If a user has a common set of settings, they can be put into the `${HOME}/.hadooprc` file.  This file is always read to initialize and override any variables that the user may want to customize.  It uses bash syntax, similar to the `.bashrc` file:

For example:

```bash
#
# my custom Hadoop settings!
#

HADOOP_USER_CLASSPATH=${HOME}/hadoopjars/*
HADOOP_USER_CLASSPATH_FIRST=yes
HADOOP_CLIENT_OPTS="-Xmx1g"
```

The `.hadooprc` file can also be used to extend functionality and teach Hadoop new tricks.  For example, to run hadoop commands accessing the server referenced in the environment variable `${HADOOP_SERVER}`, the following in the `.hadooprc` will do just that:

```bash

if [[ -n ${HADOOP_SERVER} ]]; then
  HADOOP_CONF_DIR=/etc/hadoop.${HADOOP_SERVER}
fi
```

## Administrator Environment

There are many environment variables that impact how the system operates.  By far, the most important are the series of `_OPTS` variables that control how daemons work.  These variables should contain all of the relevant settings for those daemons.

More, detailed information is contained in `hadoop-env.sh` and the other env.sh files.

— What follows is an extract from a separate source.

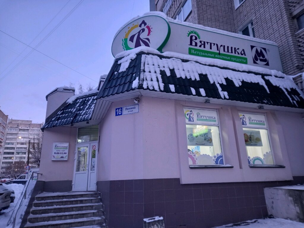 Хороший магазин. Приветливый персонал. Самый большой выбор сыра Вятушка именно с точки зрения весовки, есть и маленькие куски, и побольше и с шариках (берём чаще в шариках). Всегда полный ассортимент молочки. А ещё большой отдел с здоровым питанием. Недавно появился шкафчик, где можно купить сувениры с логотипом Вятушки. Рекомендую.

Advanced administrators may wish to supplement or do some platform-specific fixes to the existing scripts.  In some systems, this means copying the errant script or creating a custom build with these changes.  Hadoop provides the capabilities to do function overrides so that the existing code base may be changed in place without all of that work.  Replacing functions is covered later under the Shell API documentation.

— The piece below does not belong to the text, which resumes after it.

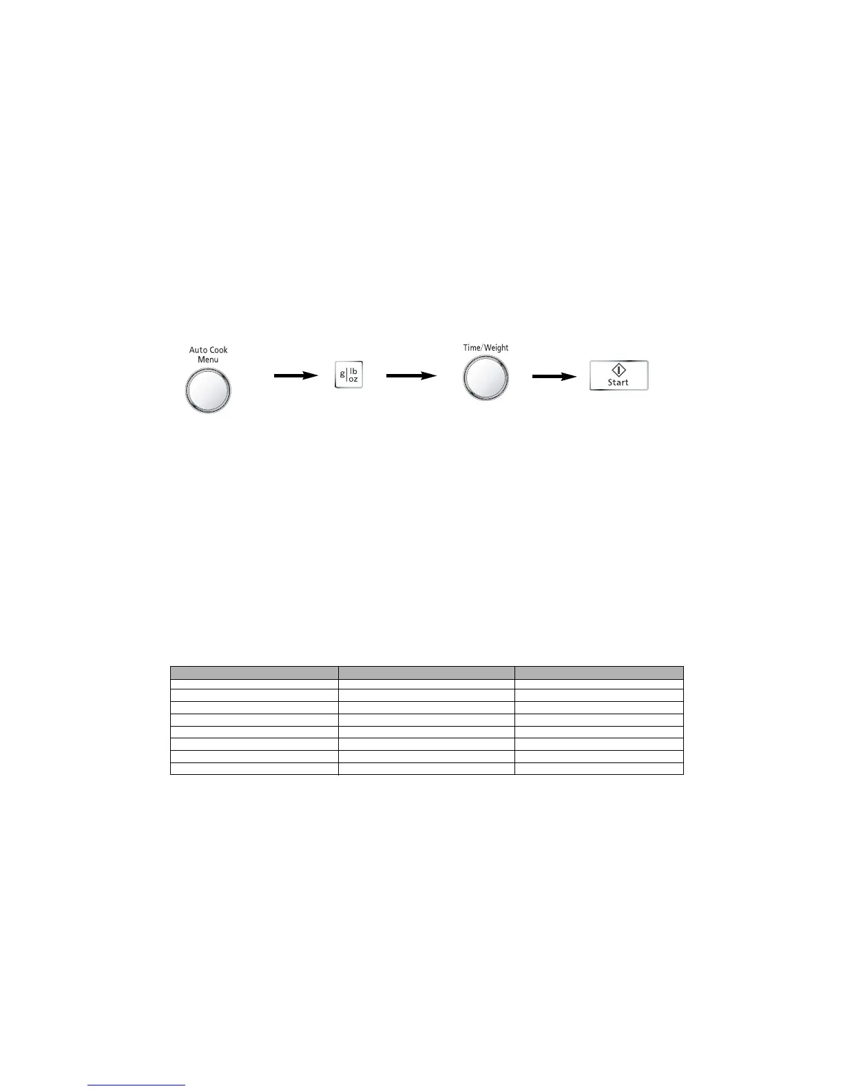This feature allows you to cook or reheat foods by setting the weight only. The oven determines the Microwave power level and then the cooking

## Developer and Advanced Administrator Environment

### Shell Profiles

Apache Hadoop allows for third parties to easily add new features through a variety of pluggable interfaces.  This includes a shell code subsystem that makes it easy to inject the necessary content into the base installation.

Core to this functionality is the concept of a shell profile.  Shell profiles are shell snippets that can do things such as add jars to the classpath, configure Java system properties and more.

Shell profiles may be installed in either `${HADOOP_CONF_DIR}/shellprofile.d` or `${HADOOP_PREFIX}/libexec/shellprofile.d`.  Shell profiles in the `libexec` directory are part of the base installation and cannot be overriden by the user.  Shell profiles in the configuration directory may be ignored if the end user changes the configuration directory at runtime.

An example of a shell profile is in the libexec directory.

## Shell API

Hadoop's shell code has a [function library](./UnixShellAPI.html) that is open for administrators and developers to use to assist in their configuration and advanced feature management.  These APIs follow the standard [Hadoop Interface Classification](./InterfaceClassification.html), with one addition: Replaceable.

The shell code allows for core functions to be overridden. However, not all functions can be or are safe to be replaced.  If a function is not safe to replace, it will have an attribute of Replaceable: No.  If a function is safe to replace, it will have the attribute of Replaceable: Yes.

In order to replace a function, create a file called `hadoop-user-functions.sh` in the `${HADOOP_CONF_DIR}` directory.  Simply define the new, replacement function in this file and the system will pick it up automatically.  There may be as many replacement functions as needed in this file.  Examples of function replacement are in the `hadoop-user-functions.sh.examples` file.


Functions that are marked Public and Stable are safe to use in shell profiles as-is.  Other functions may change in a minor release.